For models based on VART, the samples are located in the ~/Vitis-AI/examples/vai_library/samples folder. For models based on the ONNX Runtime, the samples are located in the ~/Vitis-AI/examples/vai_library/samples_onnx folder. Each sample has the following four types of test samples:
- test_jpeg_[model type]
- test_video_[model type]
- test_performance_[model type]
- test_accuracy_[model type]
Take YOLOv3 as an example.
- Choose one of the following YOLOv3 models before you run the YOLOv3 detection
- Ensure that the following test programs exist:
If the executable program does not exist, cross-compile it on the host, then copy the executable program to the target.
- To test the image data, execute the following
#./test_jpeg_yolov3 yolov3_voc_tf sample_yolov3.jpg
The result is printed on the terminal. You can also view the output image: sample_yolov3_result.jpg.

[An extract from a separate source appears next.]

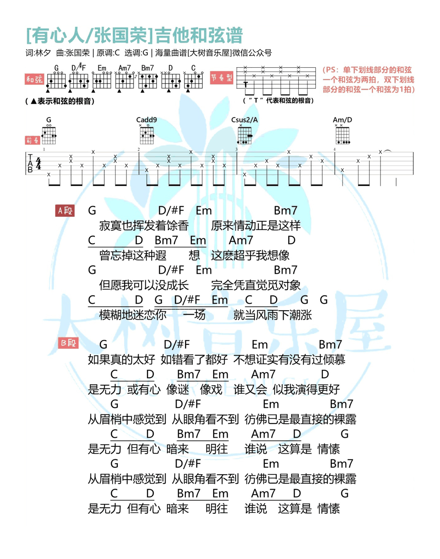 有心人吉他谱 - 张国荣 - G调吉他弹唱谱

- To test the video data, execute the following
#./test_video_yolov3 yolov3_voc_tf video_input.mp4 -t 8
- To test the model performance, execute the following
#./test_performance_yolov3 yolov3_voc_tf test_performance_yolov3.list -t 8
The result is printed on the terminal.
- To test the model accuracy, prepare your image dataset, image list file, and
the ground truth of the images. Then execute the following
#./test_accuracy_yolov3_voc_tf [image_list_file] [output_file]
After the output_file is generated, a script file is needed to automatically compare the results. Finally, the accuracy result can be obtained.